As mentioned above, DDLPS can show a wide spectrum of histological morphology. In addition to the common histological features similar to other types of soft tissue sarcomas described above, many structural characteristics that are difficult to describe in morphology can also be seen. If DDLPS occurs outside the retroperitoneum, it can simulate the more common soft tissue tumor in this site, thus confusing the differential diagnosis, particularly for the low-grade DDLPS. For example, the low-grade DDLPS occurring in the gastrointestinal tract may simulate the more common GIST or inflammatory fibrous polyp, ¹² and the low-grade DDLPS arising in the paratestcular locations may be similar to the cellular angiofibroma, etc.
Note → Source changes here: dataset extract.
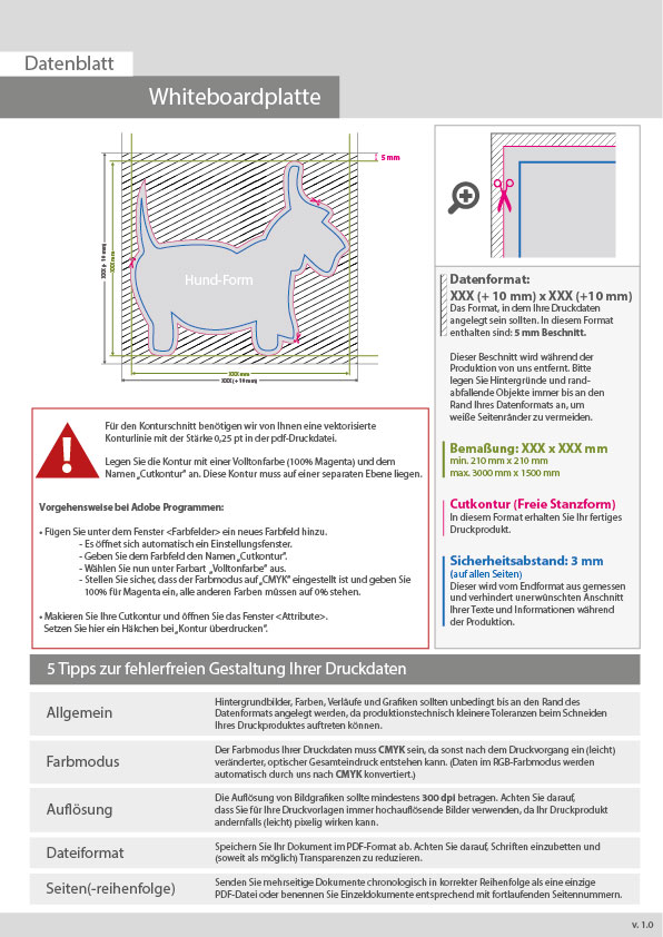 Whiteboardplatte in Hund-Form konturgefräst unbedruckt

This also reminds us to be vigilant and carefully understand our daily work.

Besides, in the differential diagnosis of fatty tumors other than ALT/WDLPS, immunohistochemical staining that is positive for p16, MDM2, and CDK4 has high sensitivity and specificity for the diagnosis of DDLPS. In this case, well-differentiated liposarcoma components and dedifferentiated liposarcoma components (including high-grade dedifferentiation and low-grade dedifferentiation) all diffusely express P16, MDM2, and CDK4. However, in the differential diagnosis of DDLPS and non–fat-derived tumors, the specificity of the above three markers is insufficient. At this time, the use of FISH to detect the amplification of the MDM2 gene is highly specific and sensitive for the diagnosis of DDLPS, especially when diagnosed with small biopsy specimens. The use of FISH is even more specific and sensitive in small biopsy specimens without typical WDLPS components or low-level dedifferentiation and rare types of DDLPS.^7,13 Amplification of the MDM2 gene is generally considered as the gold standard for the diagnosis of ALT/WDLPS and DDLPS.

The diagnosis of DDLPS requires the existence of two components in the tumor: lipogenic WDLPS and cellular nonlipogenic sarcoma. MRI can easily be used to identify fat-derived components in tumors through the use of fat-suppressed T2 images or short tau inversion recovery imaging. ¹⁴ These approaches allow for the identification of WDLPS components in DDLPS, which is more helpful for diagnosis; however, in some cases, the WDLPS composition may go unnoticed. Because DDLPS is the conversion of WDLPS components to non–fat-derived tumor components, DDLPS lesions may lack signs of lipid characteristics on MRI.

Conclusion

For the diagnosis of liposarcoma, whether based on MRI or pathology, we should pay attention to typical fat components. MRI has some limitations when used for the preoperative diagnosis of liposarcoma in samples lacking fatty components or for the diagnosis of liposarcoma. The differential diagnosis for DDLPS is wide, and there are many diagnostic traps. Extensive sampling of the mass is recommended to avoid missing any component. Sampling should be performed in both non-fatty and fatty tissues. To avoid the misdiagnosis of DDLPS, it is sometimes necessary to perform immunohistochemistry (such as MDM2 gene amplification). The transition between high- and low-grade differentiation components of DDLPS characterized in this case report is an important aspect of rare pathological manifestations of DDLPS.